Most of these examples suggest the resilience of systems, but what stands out perhaps even more indelibly are the ghostly images of just how fragile our systems are and how quickly they rise and fall. Sometimes we are able to recreate something from the collapsed shell, sometimes people make the choice to ignore the lingering shadows of the past, and sometimes the failure is so horrific, swift and utter that there is no going back.
This last scenario emerges from my visit to the remains of the Chernobyl nuclear power facility in Ukraine. Visitors can enter the area with permission and an escort, but due to the massive amounts of residual radiation in the general area, an ‘exclusion zone’ that covers several hundred square kilometer remains in place. The city of Chernobyl, at the edge of the zone, is actually populated by a small, rotating population of Russian military troops who are responsible for keeping an eye on the failed reactor. At the edge of the city, there is a grim memorial to the 186 nearby villages that were completely abandoned because of the fallout from the plant. Much nearer to the reactor itself, the city of Pripyat is evidence to the folly and hubris of the project—a new town built expressly for the scientists, engineers and other workers who managed the facility; once home to almost 50,000 people, it now stands completely empty. The roadways and buildings—opera houses, grocery stores, tower blocks—all being rapidly retaken by the surrounding forest. Not far from Pripyat is the shell of the reactor itself, the damaged building shrouded in a rough concrete and lead ‘sarcophagus’ built hastily at the height of the emergency and already beginning to collapse in on itself after only 27 years. Nearby a giant EU-funded ‘containment dome’ is in the midst of construction. The giant steel and lead hoophouse is being built about a half kilometer from the reactor. When finished, it will be slid on train rails until it covers and encloses the reactor building. The dome is expected to last a maximum of 200 years. By comparison, the radiation in the core of the reactor will remain active for the next 48,000 years. And not only the reactor itself, but the entire area for miles around the site still sends Geiger counters into frenzies. While this specter will linger on forever in a literal sense, it is already fading from collective memory and political consciousness as Europe and America are moving ahead with the construction of new nuclear plants after a period of public resistance nuclear energy.

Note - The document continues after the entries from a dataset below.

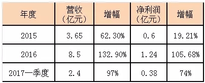 實(shí)際上,在2017年第一季度,贏合科技就取得了不俗的表現(xiàn)。公告顯示,2017年一季度企業(yè)實(shí)現(xiàn)營收2.4億元,同比增長97%,歸屬于上市公司股東凈利潤達(dá)3751萬元,同比增長74%。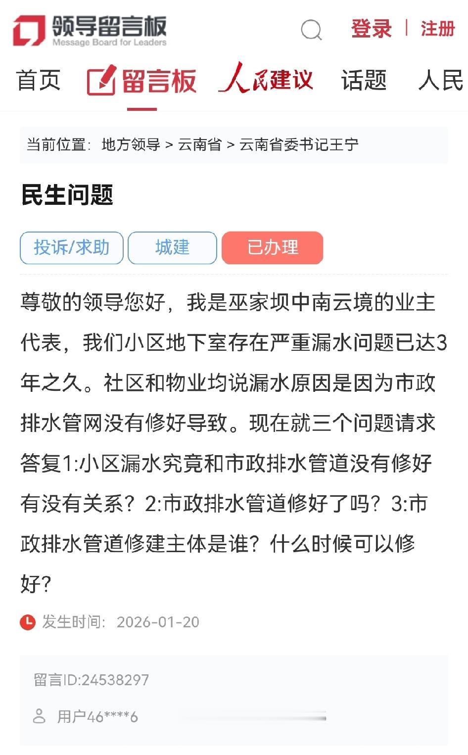 【昆明网民投诉小区地下室漏水严重及雨污水规划】 昆明网民通过领导留言板给云南省委书记留言反映 ✍📩民生问题 尊敬的领导您好,我是巫家坝中*X境的业主代表,我们小区地下室存在严重漏水问题已达3年之久。社区和物业均说漏水原因是因为市政排水管网没有修好导致。 现在就三个问题请求答复1:小区漏水究竟和市政排水管道没有修好有没有关系?2:市政排水管道修好了吗?3:市政排水管道修建主体是谁?什么时候可以修好? 发生时间: 2026-01-20 2026-02-09 19:00 📩✍昆明中央商务区管理委员会官方回复 网民同志:您好! 您通过人民网领导留言板的留言已收悉,经昆明中央商务区管理委员会认真调查处理,现将有关情况回复如下: 您所反映的中XX境小区位于春城路以北,巫家坝路东侧,由云南X房地产开发有限公司开发建设,施工单位为江苏Xx建筑产业集团有限公司,监理单位为昆明XX咨询管理有限公司。 一是小区地下室漏水的原因为外部市政管网尚未建设完成和小区内部地下室建设存在质量问题,自交房以来,小区地下室已多次出现墙体开裂、渗水等质量问题。经昆明市质量监督管理部门多次核查,已多次约谈该小区建设单位江苏XX建筑产业集团有限公司并下发工程质量安全整改通知书。 二是按照片区市政雨水管专项规划,该小区排水路径为:小区-巫家坝路-宏图路(397路)-雨水泵站-春城路压力管-枧槽河。春城路由市级部门负责修建,已于2025年12月30日开放宝海路至巫家坝路段,现正继续加快建设。 雨污水管由市、区两级统筹建设,现目前由*X发公司具体实施,雨水泵站由昆明*X公司负责建设,现主体工程已完工,待外部供电接入和春城路排水压力管道建设完成后,即可投入运行。 感谢您的理解与支持,顺祝身体健康、生活愉快! 漏水 小区
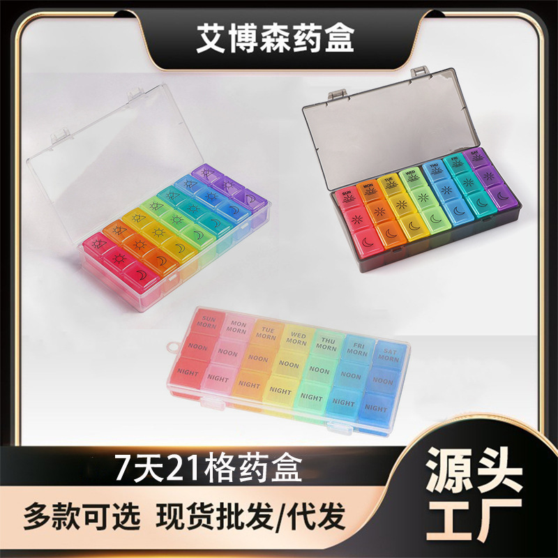 外国貿易新型薬箱便利式旅行携帯収納箱虹色7彩21格PP材質プラスチック薬箱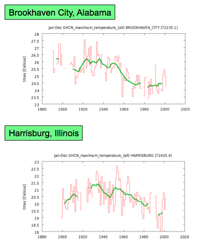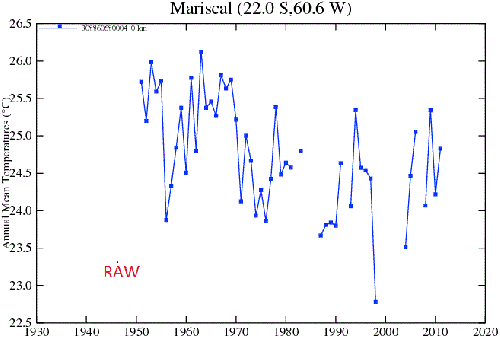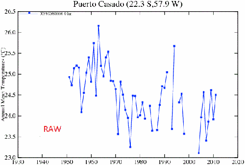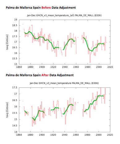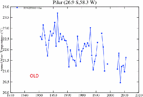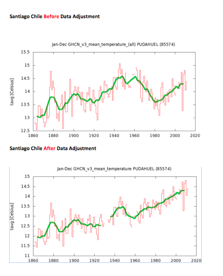 Durante los primeros años de mi investigación me basé en los bancos de datos climáticos de NASA y GISS, dos de los cuerpos científicos más prestigiosos de nuestro país. Después de muchos años de minuciosa recolección de datos, y de incansable representación gráfica de esos datos, descubrí que no estaba mirando a la información recogida originalmente, sino a información que había sido “ajustada” por lo que serían “razones científicas”. La información original ya no está disponible en esos bancos de datos. Afortunadamente fui capaz de obtener la información original de esas estaciones de unas 7000 estaciones meteorológicas del mundo en la base de datos de KNMI (Royal Dutch Meteorological Institute). Allí pude revisar ambas informaciones, la antigua sin ajustes y la “ajustada”, así como el desglose de los datos diurnos y nocturnos. Los resultados fueron asombrosos. Descubrí que la información de muchas estaciones en el mundo había sido “ajustada” de manera sistemática para hacerla aparecer como apoyando la afirmación de que el calentamiento global estaba ocurriendo cuando, de hecho, en muchos lugares del mundo estaba sucediendo lo contrario.A continuación presentaré unos pocos de los miles de ejemplos de este ajuste de datos. Cuando hago presentaciones de mi material en universidades y colegios locales, estos gráficos son los que tienen el mayor impacto afectando la opinión de los estudiantes, especialmente cuando se da cuenta de que existe un esfuerzo concentrado de falsificar lo que está ocurriendo en la realidad. Otro resultado impactante es cuando se hacen gráficos de las máximas diurnas del país, surge una imagen muy diferente de la información histórica de la temperatura.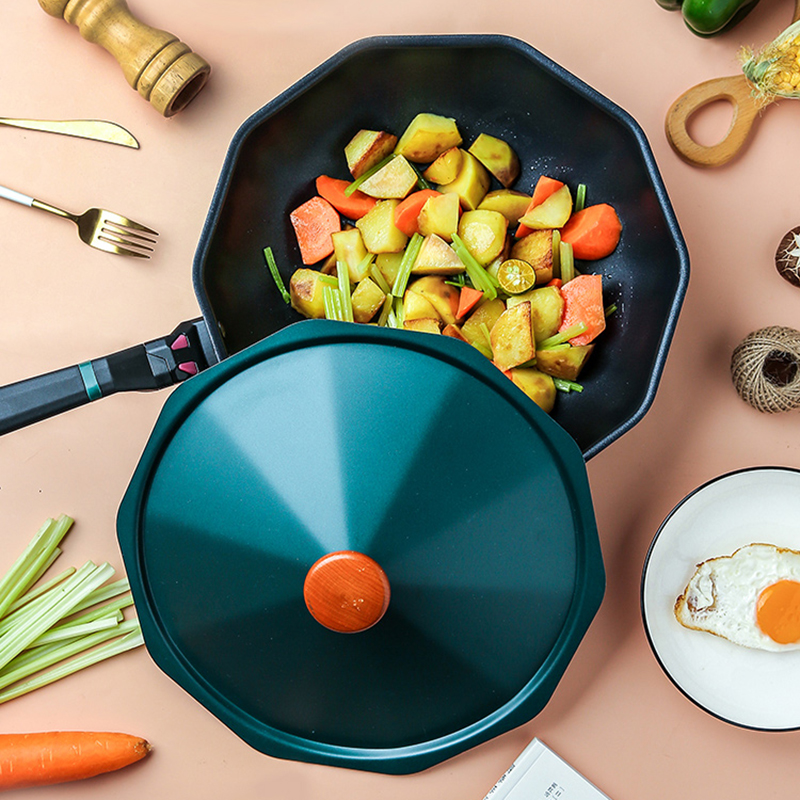 家用十角锅不粘锅麦饭石炒锅平底锅炒菜锅电磁炉燃气灶通用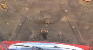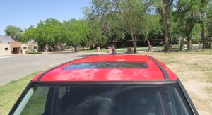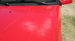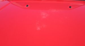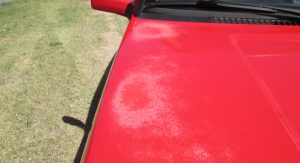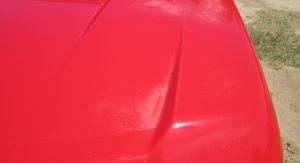 You can clearly see that the Monza Red coating is fading on the hood as well as on the roof, although overall the car seems to be in pretty decent condition. It’s also had a replacement rear bumper cover installed in 2015 following a minor accident.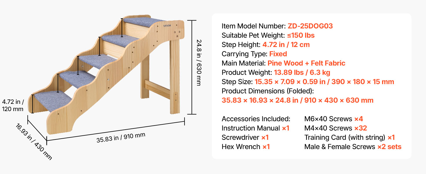 - Sturdy and Secure Support: The dog stairs feature a robust wooden frame designed to support pets up to 150 lbs (68 kg). Large screws enhance structural stability, and non-slip rubber pads on the bottom prevent wobbling, ensuring secure climbing for pets.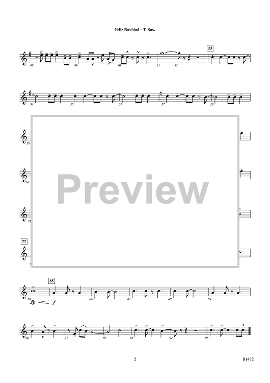 "Feliz Navidad - Bb Tenor Sax" Sheet Music by Jose Feliciano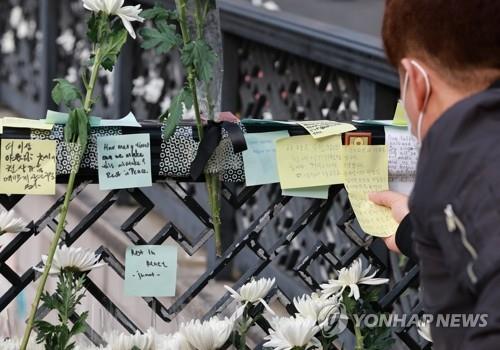 | ▲ A man posts a condolence message on Nov. 1, 2022, near Itaewon Station for those killed in the Halloween crowd crush in the neighborhood three days ago. (Yonhap) |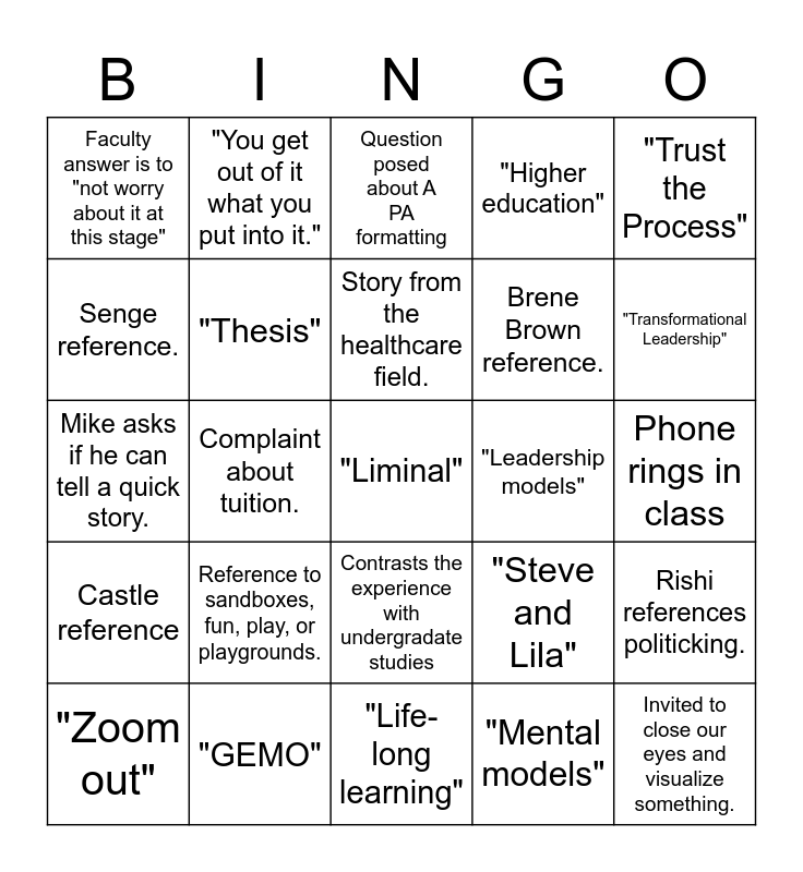 This bingo card has 43 words: Free!, "Liminal", "Honoured", "Zoom out", Group is encouarge to "embrace vulernability", "Mental models", Question posed about APA formatting, Faculty reminisces about the 90s, "Trust the Process", "GEMO", "Higher education", "Leadership models", Contrasts the experience with undergradate studies, Reference to sandboxes, fun, play, or playgrounds., Reference to adult learning theory, "Life-long learning", "Change the world", Mike asks if he can tell a quick story., Group is encouraged to use a "____ lens", "Transformational Leadership", "You get out of it what you put into it.", Faculty uses a bell to get the groups attention, Anyone makes fun of MBAs or said they considered doing an MBA., Faculty answer is to "not worry about it at this stage", Anyone encourages "self care" to the group, Phone rings in class, Peacock reference, "Gratitude", "Steve and Lila", Castle reference, Someone opens a noisy snack., Rishi references politicking., Speaker gets choked up., Complaint about tuition., Someone raises their hand but keeps talking., Alcohol reference., Invited to close our eyes and visualize something., Story from the healthcare field., Senge reference., Brene Brown reference., Presenter swears., "Thesis" and "Systems Thinking".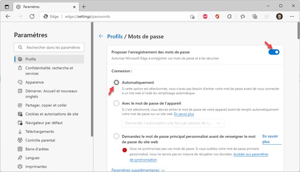 La page edge://settings/passwords s’affiche. Assurez-vous que l’interrupteur Proposer l’enregistrement des mots de passe est en position Activé et que l’option Automatiquement est sélectionnée :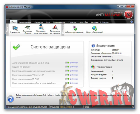 Ashampoo Anti-Malware - утилита, способная находить и удалять разнообразное вредоносное ПО. Программа использует эвристический метод сканирования, позволяющий в реальном времени контролировать безопасность всей системы. Также имеется возможность полного сканирования всех дисков.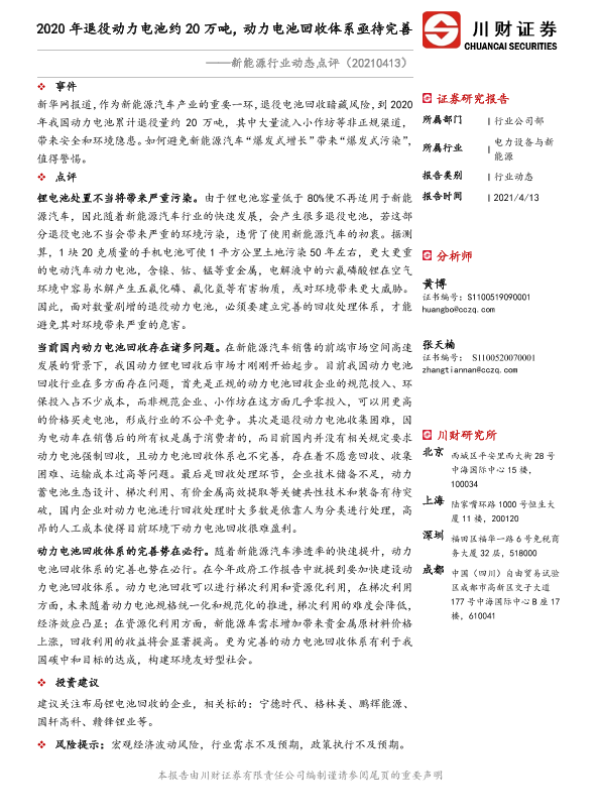 【川财证券】【20210413】2020年退役动力电池约20万吨,动力电池回收体系亟待完善-2页 证券期货研究报告

In that sense, some of ghosts are simply more convenient to forget than to contend with. In a recent visit to Bulgaria, I had the peculiar experience of visiting Buzhlaja, the once grand congress hall of the Bulgarian communist party. The huge building is better known to the few foreign visitors who manage to reach the site as the ‘spaceship’. It sits isolated on a barren mountaintop overlooking a vast expanse of the Thracian plain. When my sister and I told the hotel owner in the nearby town of Kazanluk about our plans to climb up the mountain to the distant structure that we could just make out from the balcony of her hotel, she quickly tried to dissuade us by proffering a list of every orthodox church and ancient tomb within a 75 miles radius.
Buzhlaja is a paradox for Bulgarians and they don’t quite know what to do with it or with the numerous other monuments from the communist period. Unlike many of its eastern European neighbors, Bulgarians look back at the Soviet period as a time of prosperity and comfort. Having been liberated by the Russians from a 500-year Turkish occupation in the late 1870s, the Bulgarians have a historical fondness for their Russian neighbors. Moreover, Bulgaria saw the Soviet Union as convenient alliance which brought stability to the chronically turbulent Balkan region. In many ways the country has struggled since 1989 and few there would argue that things are better now than they were behind the Iron Curtain—most would tell you flatly that things are worse. Even after several years as a member of the EU, the country has failed to gain traction. Thus structures like Buzhlaja present a challenge. There is a sense of wanting to be perceived as modern, European and capitalist—hence the guidance from the hotel manager that we would be better off spending our time elsewhere than at the symbolic heart of Buglarian communist history. This is a prevailing sentiment and as such the building is abandoned. It is now a shell of what it once was—windows blown out, mosaics crumbling, roof giving way to sky. To maintain the building would be too oppositional to the wider political zeitgeist. But there is also clearly no appetite to tear the structure down, nor the other hundreds of Soviet memorials and monuments that populate the country—in contrast to the gleeful destruction of these structures that happened in so many other eastern bloc countries. Instead they are quietly ignored as they fall into ruin. Quiet defiance of the inevitable. How hard to let go of a system that you perceive to have been better than your current and future options.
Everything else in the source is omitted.